I found it neccessary to put the cygwin1.dll DLL into the same directory as the samhain.exe executable. Also, you can use the command ldd ./samhain.exe to identify further Cygwin-specific DLL that may be required (if any).
Also, I found it neccessary to use Cygwin-style paths (/cygdrive/c/...) in the './configure ..' command when compiling samhain.

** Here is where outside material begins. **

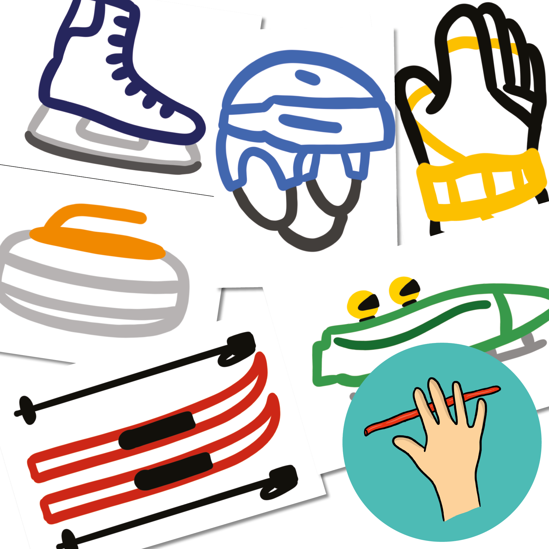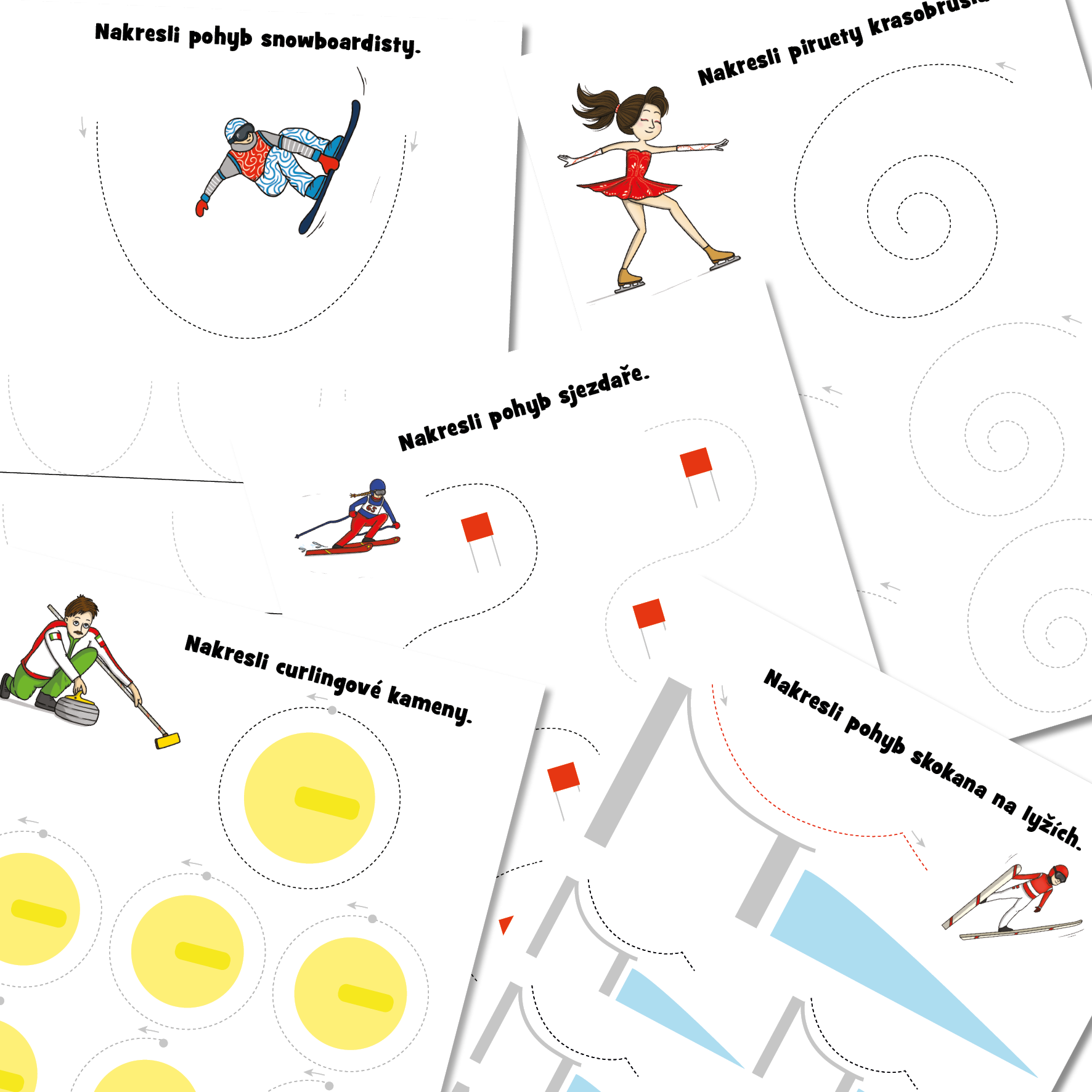 - demonstrační obrázky zimních sportů

[Tip from Jorge Morgado] If you, like me, have a Windows server not part of any domain and (for security reasons) you even turn off DNS resolution, you might probably get the following error when initializing the baseline database:

  ---------   sh_unix.c  ---   1487 ---------
  According to uname, your nodename is yourcomputername, but your resolver
  library cannot resolve this nodename to a FQDN.
  Rather, it resolves this to yourcomputername.
  For more information, see the entry about self-resolving under
  'Most frequently' in the FAQ that you will find in the docs/ subdirectory
  ----------------------------------------------

To fix this problem open the Registry Editor and create the following entries under the key HKLM\System\CurrentControlSet\Services\Tcpip\Parameters

Name: Domain Type: REG_SZ Data: your.domain.name

Name: NV Domain Type: REG_SZ Data: your.domain.name

The NV Domain registry value contains the computer's primary DNS suffix while the Domain registry value contains the computer's primary DNS domain. This will make the warning message go away.